WHAT NEEDS TO BE DONE =
Write out word for word each line from the top of the material through the line that has "Builder Promotion ALL". Pictures do not go in.

AVAILABLE DATA =
-.-.-

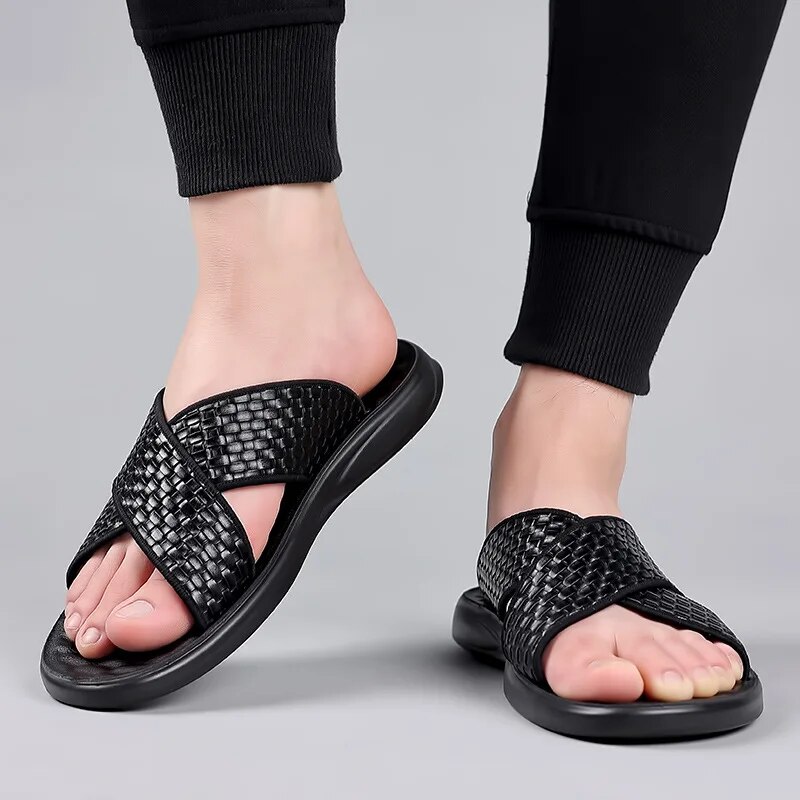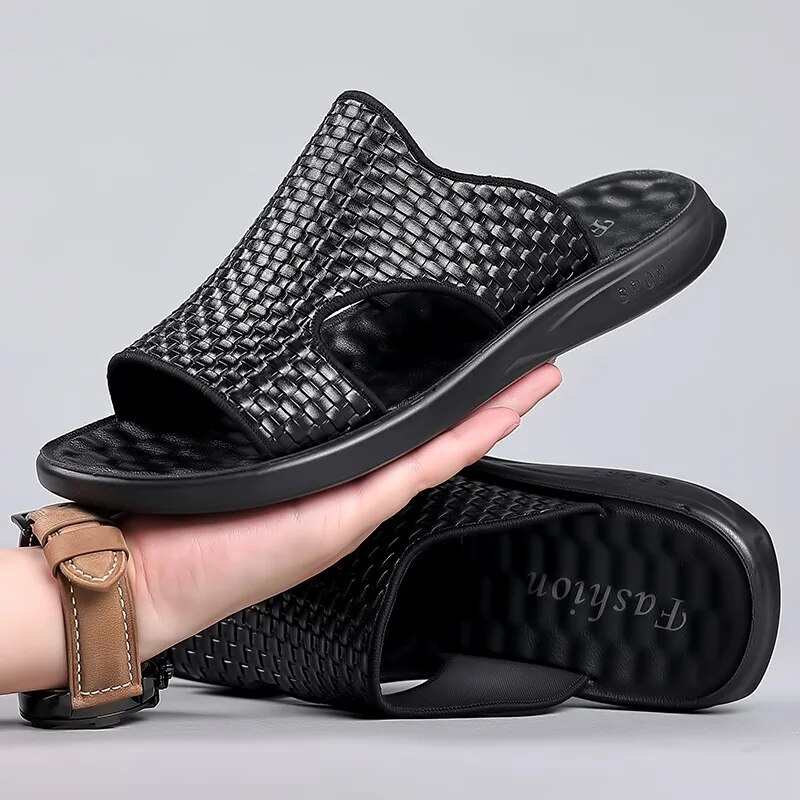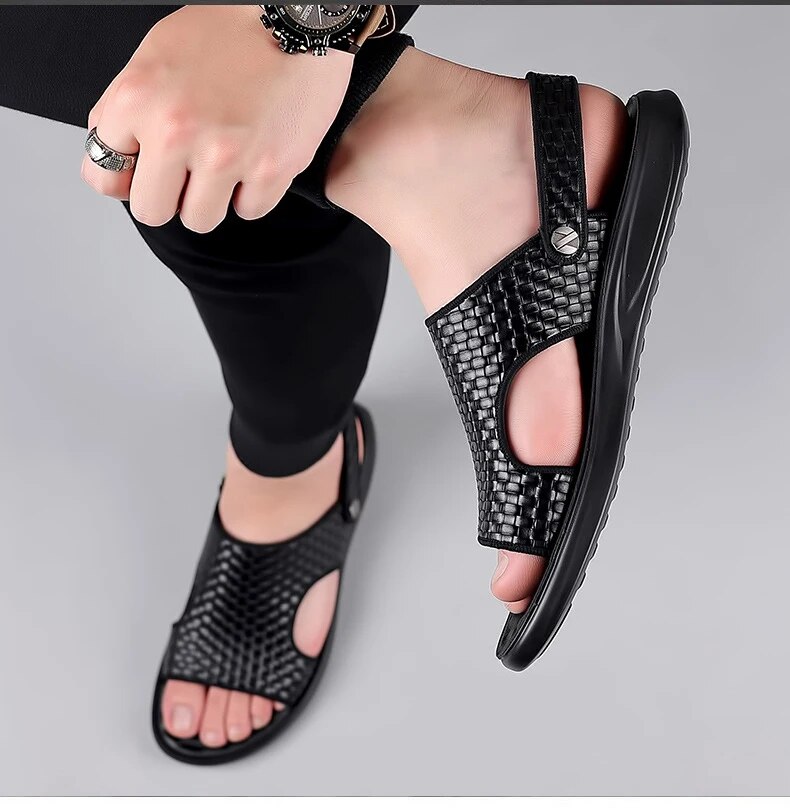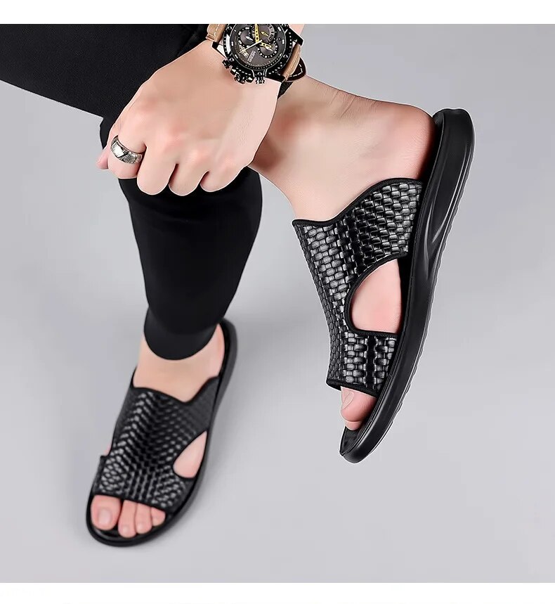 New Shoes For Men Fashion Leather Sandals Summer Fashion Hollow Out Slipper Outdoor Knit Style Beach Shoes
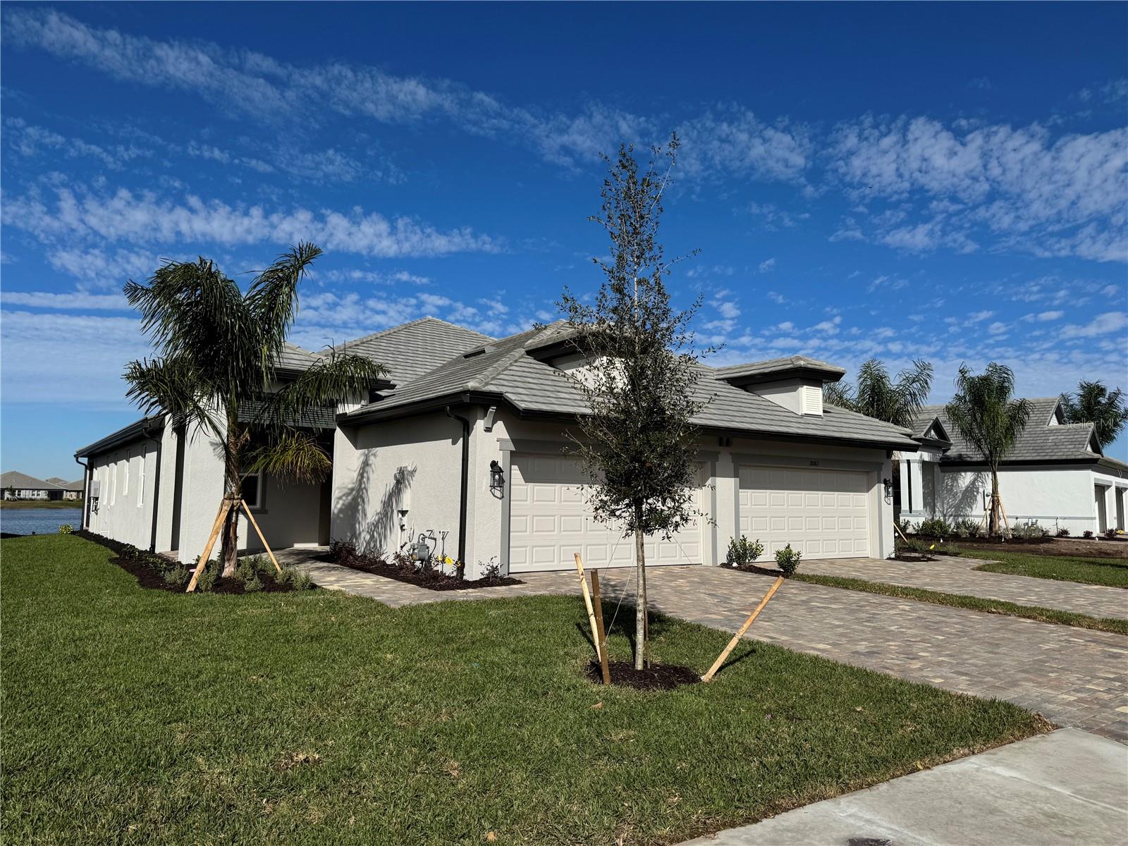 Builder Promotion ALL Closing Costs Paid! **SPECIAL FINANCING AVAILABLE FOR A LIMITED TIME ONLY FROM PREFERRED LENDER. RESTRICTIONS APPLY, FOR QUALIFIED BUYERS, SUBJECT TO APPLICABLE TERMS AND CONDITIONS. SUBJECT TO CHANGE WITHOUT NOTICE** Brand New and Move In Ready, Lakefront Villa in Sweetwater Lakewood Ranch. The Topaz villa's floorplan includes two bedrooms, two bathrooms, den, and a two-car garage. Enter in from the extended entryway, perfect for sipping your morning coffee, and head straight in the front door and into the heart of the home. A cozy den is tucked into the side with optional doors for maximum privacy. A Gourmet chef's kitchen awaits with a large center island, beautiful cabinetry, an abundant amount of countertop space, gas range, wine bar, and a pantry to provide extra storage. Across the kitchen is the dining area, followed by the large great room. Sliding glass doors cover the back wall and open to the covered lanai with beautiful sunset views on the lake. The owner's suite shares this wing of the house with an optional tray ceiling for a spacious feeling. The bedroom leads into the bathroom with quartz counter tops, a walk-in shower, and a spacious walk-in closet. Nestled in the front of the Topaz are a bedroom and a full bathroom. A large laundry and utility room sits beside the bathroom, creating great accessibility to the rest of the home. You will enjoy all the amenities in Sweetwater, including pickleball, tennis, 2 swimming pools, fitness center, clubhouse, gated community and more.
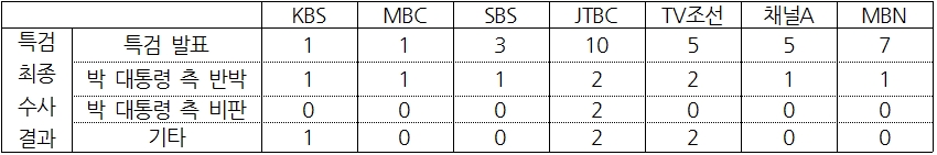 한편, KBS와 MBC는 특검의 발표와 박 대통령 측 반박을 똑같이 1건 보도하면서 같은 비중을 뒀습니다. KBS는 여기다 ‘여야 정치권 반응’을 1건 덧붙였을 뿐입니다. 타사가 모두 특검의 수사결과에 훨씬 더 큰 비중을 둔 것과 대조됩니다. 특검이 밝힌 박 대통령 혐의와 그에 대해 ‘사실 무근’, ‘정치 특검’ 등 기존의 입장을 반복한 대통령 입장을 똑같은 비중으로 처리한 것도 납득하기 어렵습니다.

-.-.-

SOLUTION TO THIS EXERCISE =
 New Shoes For Men Fashion Leather Sandals Summer Fashion Hollow Out Slipper Outdoor Knit Style Beach Shoes
 Builder Promotion ALL Closing Costs Paid! **SPECIAL FINANCING AVAILABLE FOR A LIMITED TIME ONLY FROM PREFERRED LENDER. RESTRICTIONS APPLY, FOR QUALIFIED BUYERS, SUBJECT TO APPLICABLE TERMS AND CONDITIONS. SUBJECT TO CHANGE WITHOUT NOTICE** Brand New and Move In Ready, Lakefront Villa in Sweetwater Lakewood Ranch. The Topaz villa's floorplan includes two bedrooms, two bathrooms, den, and a two-car garage. Enter in from the extended entryway, perfect for sipping your morning coffee, and head straight in the front door and into the heart of the home. A cozy den is tucked into the side with optional doors for maximum privacy. A Gourmet chef's kitchen awaits with a large center island, beautiful cabinetry, an abundant amount of countertop space, gas range, wine bar, and a pantry to provide extra storage. Across the kitchen is the dining area, followed by the large great room. Sliding glass doors cover the back wall and open to the covered lanai with beautiful sunset views on the lake. The owner's suite shares this wing of the house with an optional tray ceiling for a spacious feeling. The bedroom leads into the bathroom with quartz counter tops, a walk-in shower, and a spacious walk-in closet. Nestled in the front of the Topaz are a bedroom and a full bathroom. A large laundry and utility room sits beside the bathroom, creating great accessibility to the rest of the home. You will enjoy all the amenities in Sweetwater, including pickleball, tennis, 2 swimming pools, fitness center, clubhouse, gated community and more.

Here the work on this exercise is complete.